• Technical Conference:  30 March – 03 April 2025
  • Exhibition: 01 – 03 April 2025
  • Moscone Center, San Francisco, California, USA

SC208 - Optical Fiber Design for Telecommunications and Specialty Applications

Sunday, 24 March
08:30 - 12:30 (Pacific Time (US & Canada), UTC - 08:00)

Short Course Level: Advanced Beginner

Instructor:

David J. DiGiovanni, OFS Labs, USA

Short Course Description:

Optical fiber development remains a robust field for innovation in both telecom and non-telecom applications.  As worldwide bandwidth demand continues to grow, new fiber types and fiber-based components can increase speed, reduce cost and improve the bandwidth of communications networks.
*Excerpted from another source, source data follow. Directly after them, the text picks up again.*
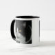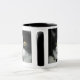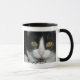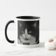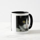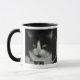 Schwarzweiss-Katzenschale mit schwarzer Kante und Griff.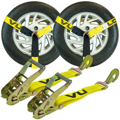 - INDUSTRIAL STRENGTH COMPONENTS - These heavy duty, car tie down units include smooth O-rings and a cordura wear pads. The certified polyester 2'' tie down webbing is coated for UV and cut resistance, and the smooth O-rings reduce strap wear, while the protective cordura wear pads also reduce strap and vehicle damage. The twisted snap hooks on the ratchets mate easily with side rails, D rings, and stake pockets.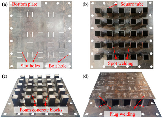 Figure 3. Fabrication process of the FCFST sacrificial cladding. (a) Slitting slot holes and drilling bolt holes; (b) fixing of square tubes; (c) filling of foam concrete cuboids; and (d) plug welding between flat plates and square tubes.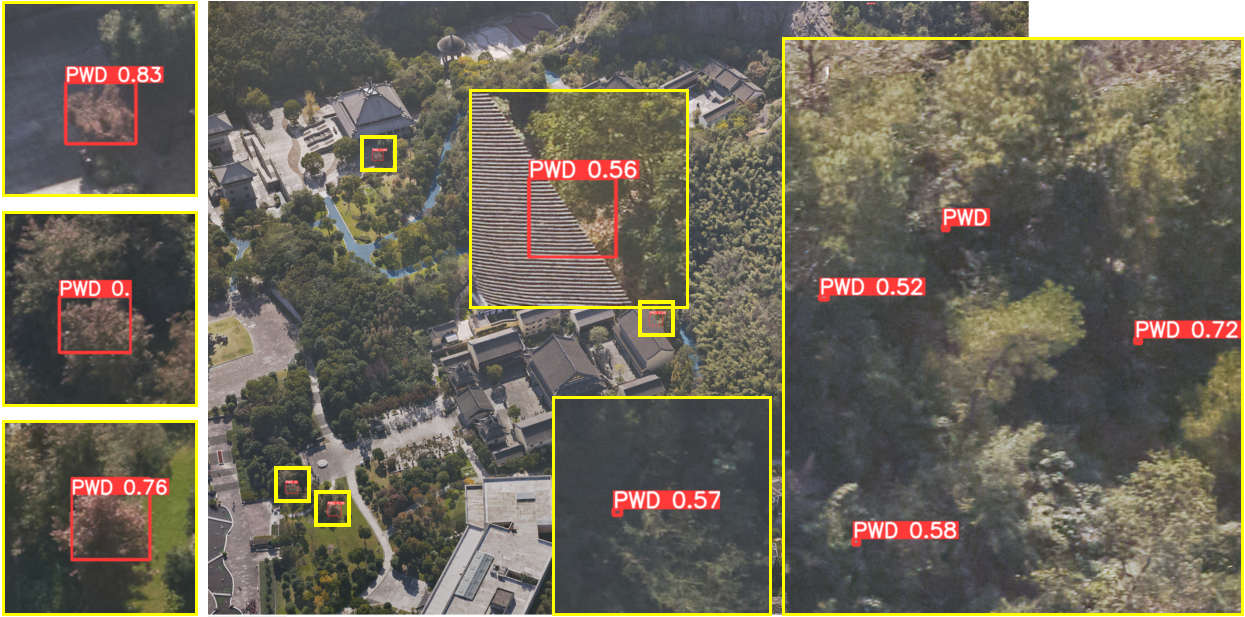 飛燕AI識別診斷模型,聚焦于中后期松材線蟲病的識別。采用先進的深度學習算法開發松材線蟲病害智能識別模型,通過大量樣本學習,從而實現對松材線蟲病害樹木的快速、準確識別,同時利用邊緣計算等算法確定病樹位置,從而提高松材線蟲病害防治效率和精準度。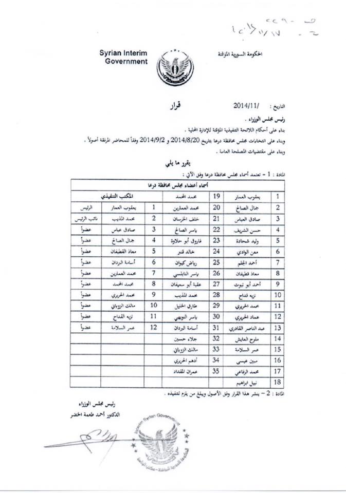 قرار باعتماد لائحة أسماء مجلس محافظة درعا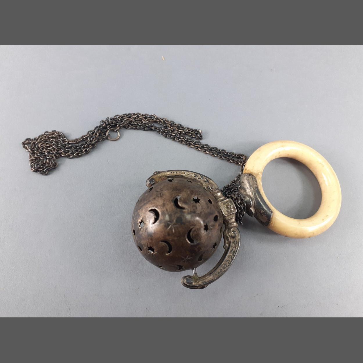 A Victorian child's rattle and teether with chain. Slight dents but a lovely thing..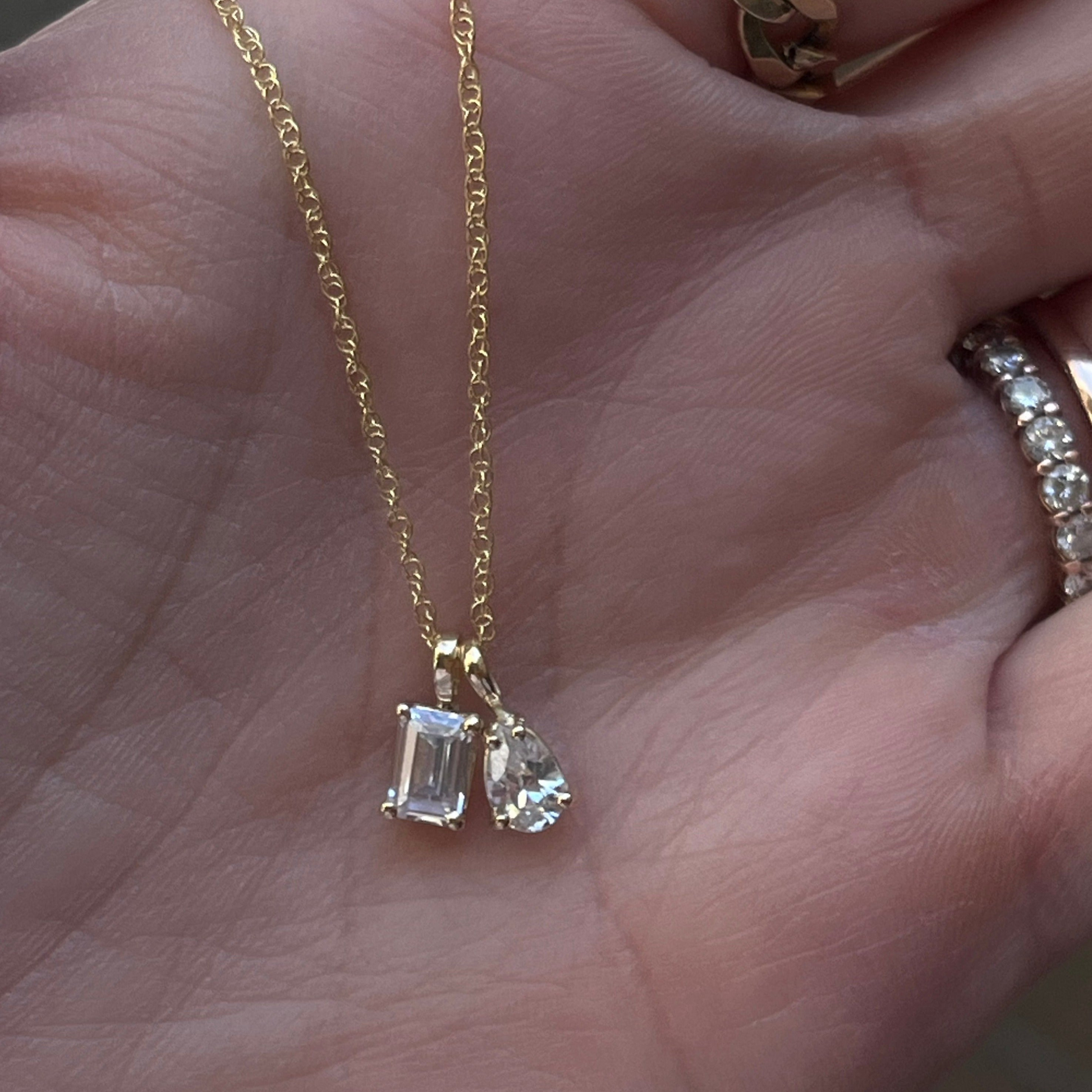 our most show stopping piece yet. solid 14k gold 18" dainty necklace with a CZ pear stone and a CZ emerald stone. handmade with recycled metals in the USA.
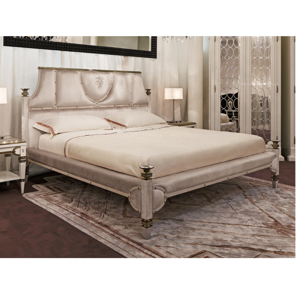 Стеганая кровать, обитая кожей или тканью. Конструкция изголовья и изножья кровати из тополиной фанеры, обитой полиуретаном. Вышитые логотипы. По бокам длинные металлические полосы покрыты МДФ и обиты кожей или тканью. Металлические ножки обиты и украшены точеными алюминиевыми кольцами и ручками. Латунные гравированные логотипы. Деревянные планки опоры с четырьмя углами опоры и центральной планкой, не регулируемой по высоте. Вариант: металлические детали золотистого цвета/ бронзовый лак. Выпускается также в варианте с высоким или низким изножьем. Спальное место 180х200 и 200х200.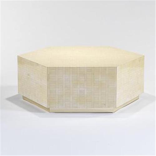 In the manner of Karl Springer coffee table USA, 1970s lacquered bone, brass 40 w x 46 d x 16 h inches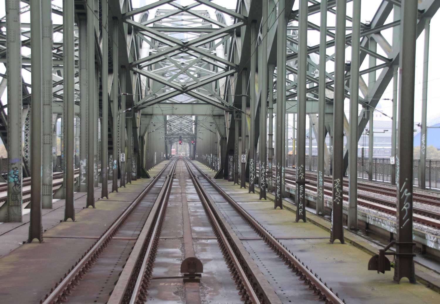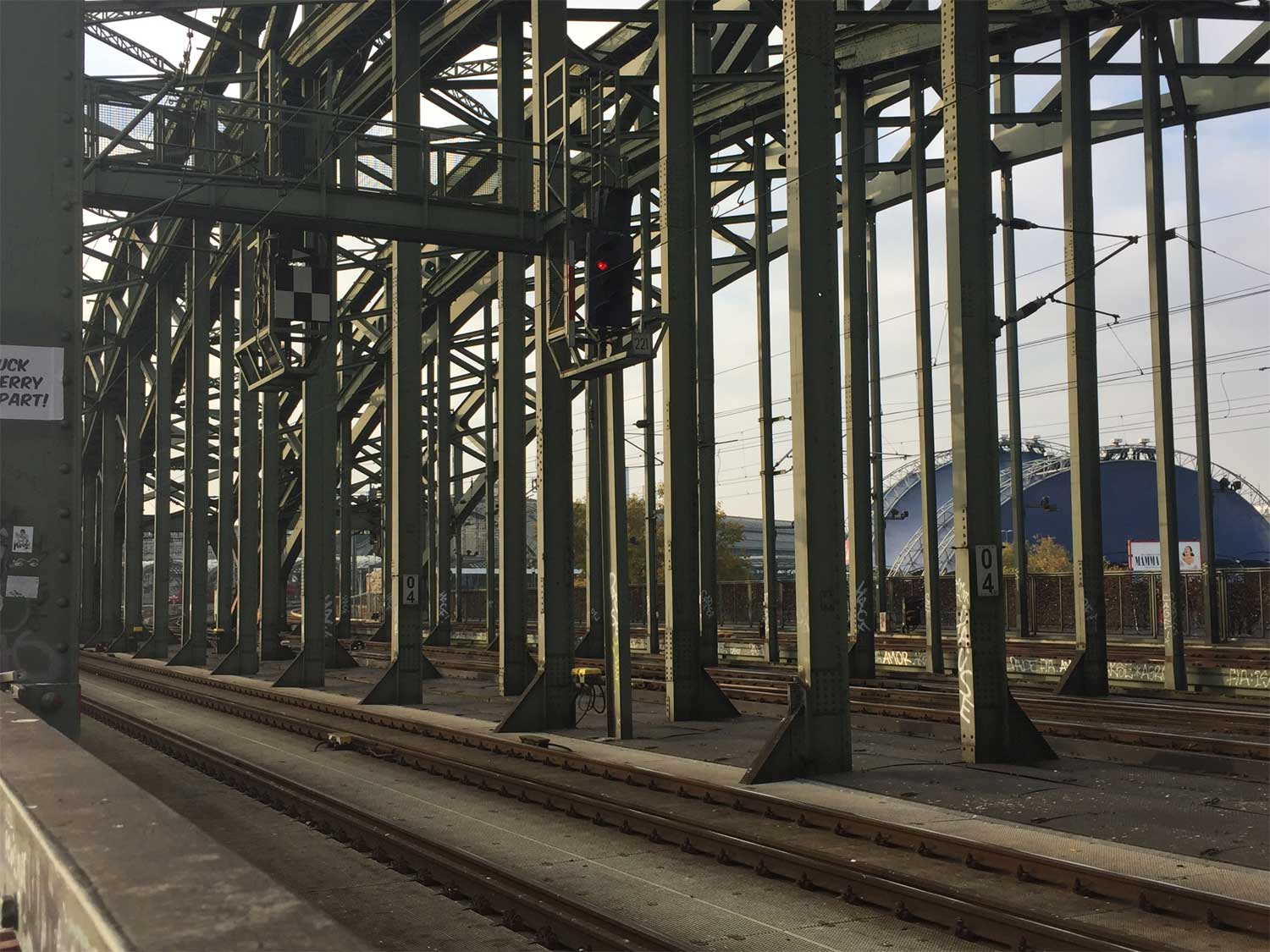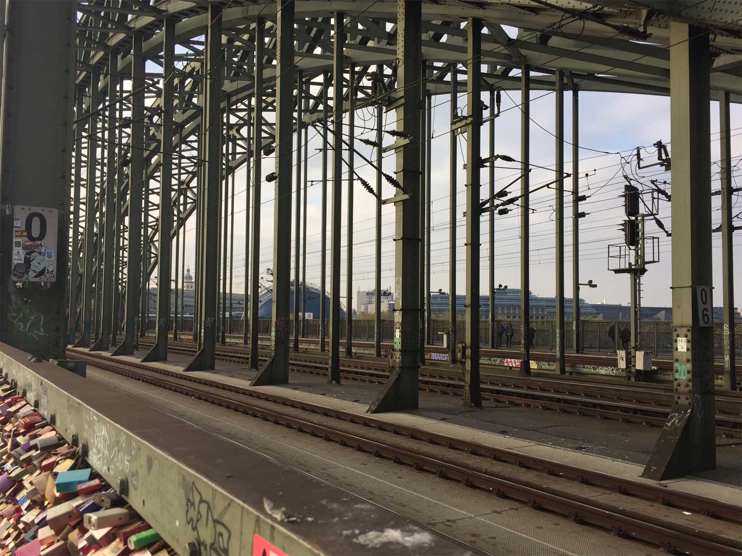 km 0,6 auf der Hohenzollernbrücke - Blick Richtung Köln Hbf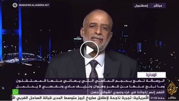 وفيما بتعلق بالحوار مع النظام أعاد الحديث عن مقابلة المهندس خيرت الأخيرة بشأن الحوار بين النظام والإخوان المسلمين في وجود السفير القطري وقال: الإخوان تعاملوا مع كل الوسائل الممكنة والمتاحة من أجل استبيان الأمر ولكن النظام يوصد الأبواب.. وأضاف، يريد النظام المصريين كما قال السيسي انسوا اللي حصل في السنوات السابقة باختصار النظام يريد مصر بلا حرية وبلا كرامة وهو يوصد الباب أمام كل محاولات الاستماع ولا حتى مجرد الالتفات، حاول الإخوان المسلمون واعلنوا مرارا وتكرارا ولكنه يوصد الباب ويحاول الآن أن يصدّر الأزمة إلى أن جماعة الإخوان المسلمين هي الرافضة، وانا أشير تلك بنقطة واحدة فقط أن بشار الأسد قال إن أي مساس بكرسي الحكم في سوريا هو مساس بأمن إسرائيل، وإن أي تغيير العسكريين الانقلابيين في مصر هو مساس بصفقة القرن.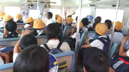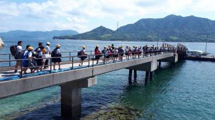 お昼のカツカレーを食べ、閉舎式を終え、大久野島を後にしました。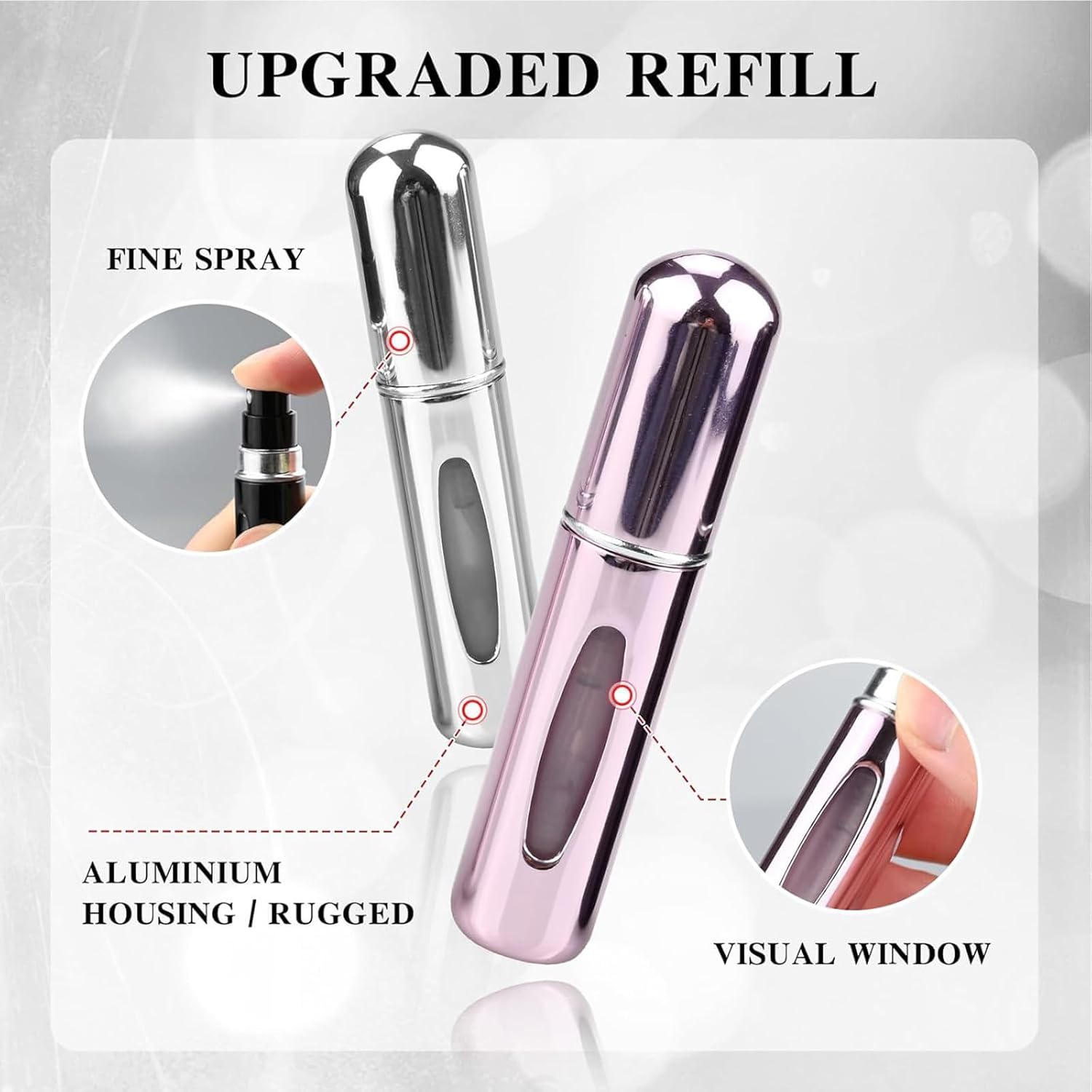 - Feito de alumínio durável feito de alumínio leve e forte, estes frascos de perfume recarregáveis portáteis são feitos para durar. Sem rachaduras, sem derramamentos — apenas armazenamento elegante e seguro de fragrâncias.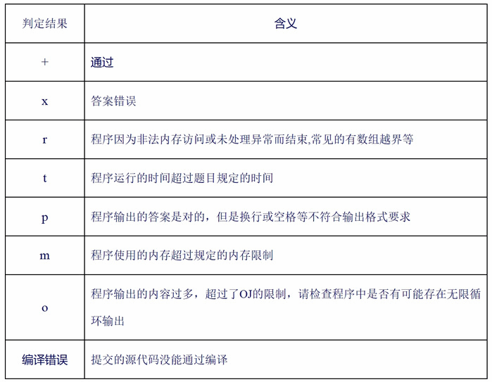 竞赛采用现场赛形式。竞赛进行中,每个参赛队拥有一台计算机,每一道题均采用程序求解,参赛队通过比赛系统在线提交源代码,后台服务器通过测试数据进行程序正确性判断,每个测试点的判定结果实时反馈给参赛队伍,系统反馈的判定结果及其含义如下所示。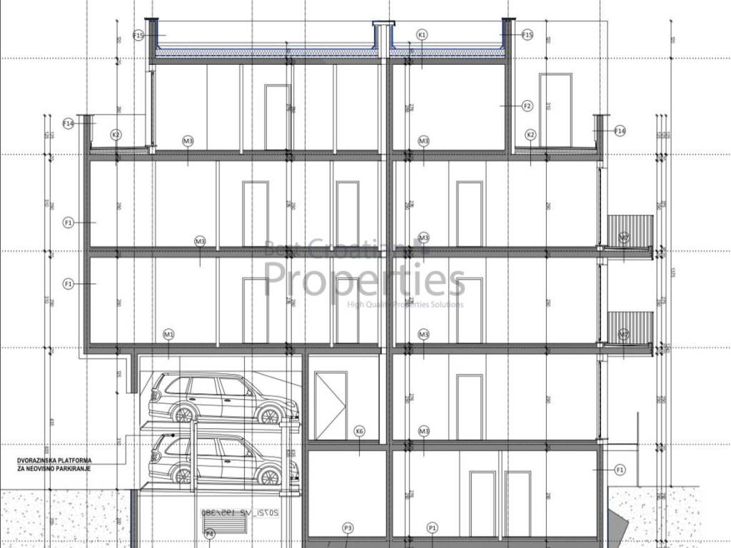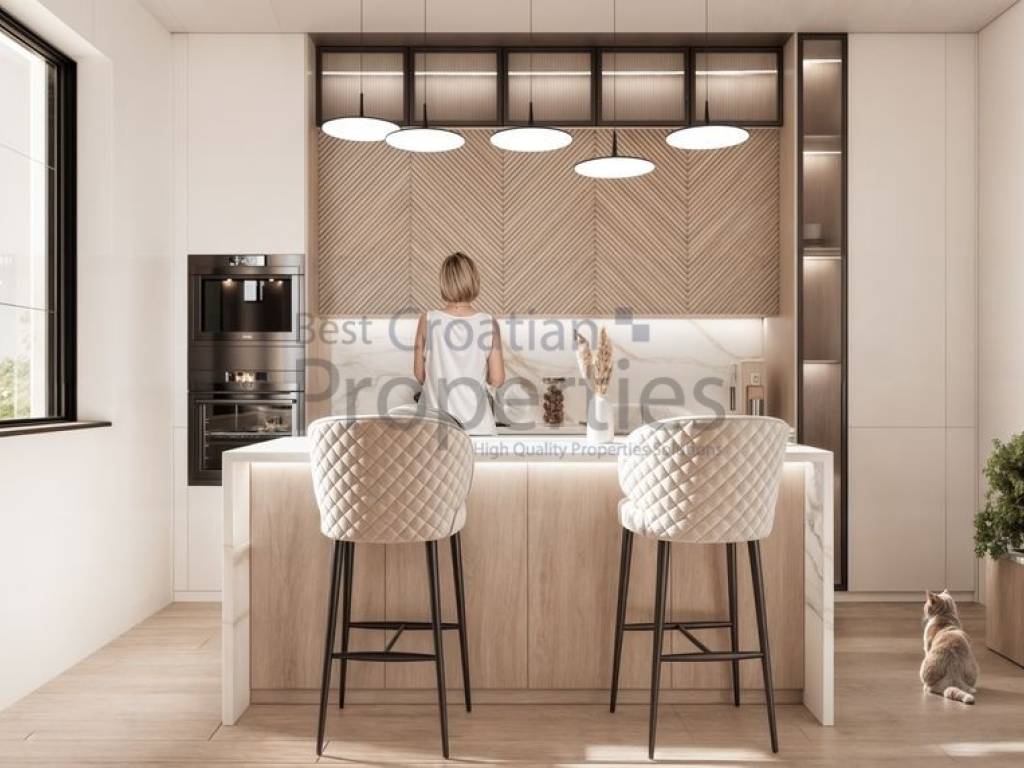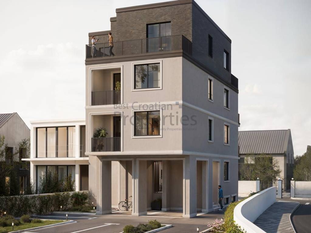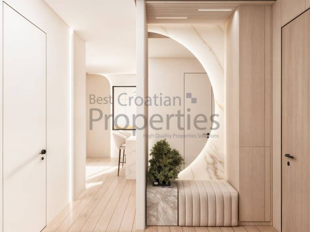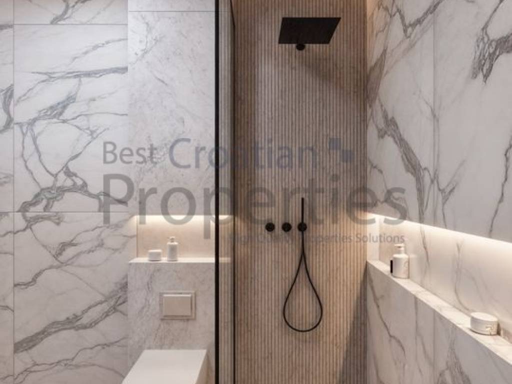 Ovaj moderni objekt visoke klase unutarnjeg uređenja izveden je s velikom pažnjom pri odabiru materijalai rasporeda stanova. Predivan izgled zgrade sa ciglicama na fasadi, lift ulazi u sam penthaus.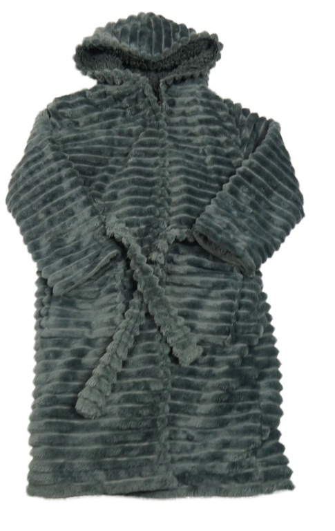 Tmavošedý žebrovaný chlupatý zateplený župan s kapucí John Lewis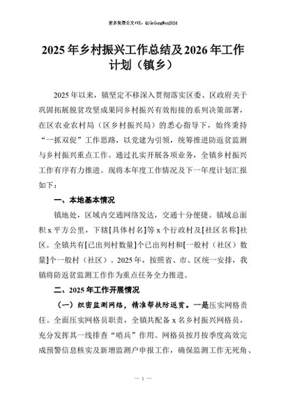 【七哥公文】2025年:2025年乡村振兴工作总结及2026年工作计划(镇乡)+更多免费公文+VX:QiGeGongWen2024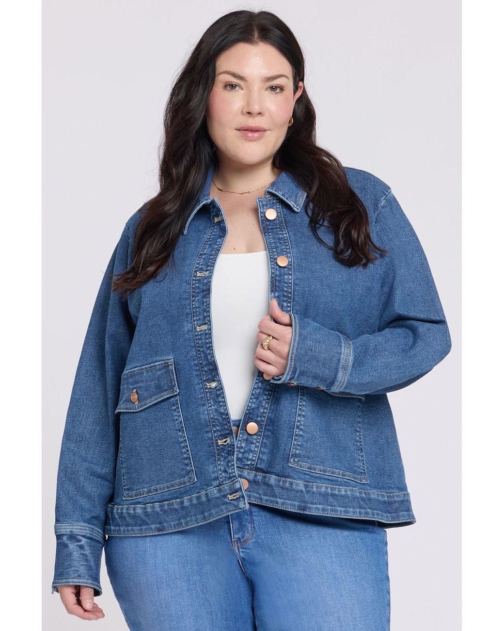 Layer on modern utility style with NYDJ's Denim Jacket in Plus Size with Oversize Pockets. Created from premium denim, this versatile casual jacket features a point collar and bold button-flap pockets in the front. Finished with front button closures and button cuffs. Salton is a medium-dark indigo wash with subtle texture that gives it a worn-in look and feel. This jacket is made with earth-friendly methods that result in reduced consumption of water, chemicals and/or energy. Color: blue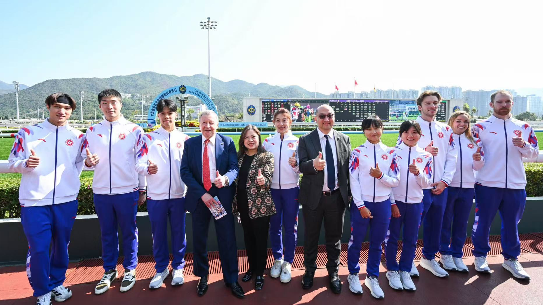 香港赛马会18日在沙田马场举办“十五运会香港奖牌运动员赛马日”活动,表彰香港队在首次由粤港澳三地共同承办的第十五届全国运动会中勇夺9金2银8铜,创下香港队在全运会上的最佳战绩。

Beyond applications in communications, application-specific fiber can enable or benefit a wide array of functions such as simply transporting light between two points, amplifying light, processing signals, sensing environmental characteristics and even transporting particles.  The tools available in adapting fiber to particular uses include a range of materials and dopants (glasses, polymers), the mechanics of the fiber (size, coatings, microstructure), waveguiding properties (refractive index and material profile), and creation of various fiber-based devices such as gratings and amplifiers.  These tools have been used to establish an industry that continues to expand as photonics penetrates more and more applications.

This short course will cover the basics of optical propagation and fiber design, as well as the many ways in which optical fibers can be adapted for a wide range of applications.  We will review an array of fiber designs for both transmission and specialty optical fiber and consider the role of materials, waveguide design and fiber structure for both fiber and fiber-based photonic components.   After a review of fiber manufacturing technology and physical properties, we’ll present a brief description of utilization issues such as fusion splicing and cabling.   Trends for next-generation, high bandwidth communications (designs for advanced modulation formats, space division multiplexing, advanced amplification), will be discussed.   Special emphasis will be placed on using the same waveguide and materials principles to adapt fiber for the rapidly growing field of non-communications applications, such as high power fiber lasers, distributed optical sensing, and hollow-core optical fiber.

Short Course Benefits:

At the end of this course, participants will be able to:

  • At the end of this course, participants will be able to:

  • Understand how certain fiber attributes, like attenuation, modal area and dispersion can impact current and next-generation high speed communications technologies
  • Describe the wide array of optical fibers available and discuss how their designs have been engineered for particular applications
  • Compare the benefits of different materials in fiber design, including different glass dopants.
  • Understand the difference between fibers used for different applications, such as transmission fiber, amplifiers, and sensors
  • Determine whether particular applications can benefit from modified or novel optical fiber.
  • Understand the potential offered by fiber engineering which may be exploited to improve existing applications or create new functions, such as sensing and manipulation of light.
  • Understand how fiber is used in a wide range of applications, including fusion splicing, fiber management and cabling.
Short Course Audience:

This course is intended for the technical community seeking to understand the basics of optical fiber and waveguide design and the opportunities to adapt fiber for specific applications.  Basic understanding of optical fiber properties is desirable though not required.  The course will provide an understanding of the operating principles of fiber while also exploring the limits of waveguide and materials engineering.  Specific designs for high speed transmission, optical amplification and fiber lasers will be studied, among others.  Note that SC465 “Transmission Fiber and Cables” has similar background topics but focuses more specifically on transmission for optical communication.

 

Instructor Biography:

D.J. DiGiovanni received several engineering and mathematics degrees from Brown University, including a PhD in 1987.  He joined Bell Laboratories in 1990 and has worked on various phenomena related to design and manufacture of optical fibers for erbium-doped amplifiers, high power amplifiers and lasers and Raman amplification. He is CTO of OFS Fitel and president of OFS Laboratories and continues to explore designs, fabrication and applications of specialty and transmission optical fibers and devices.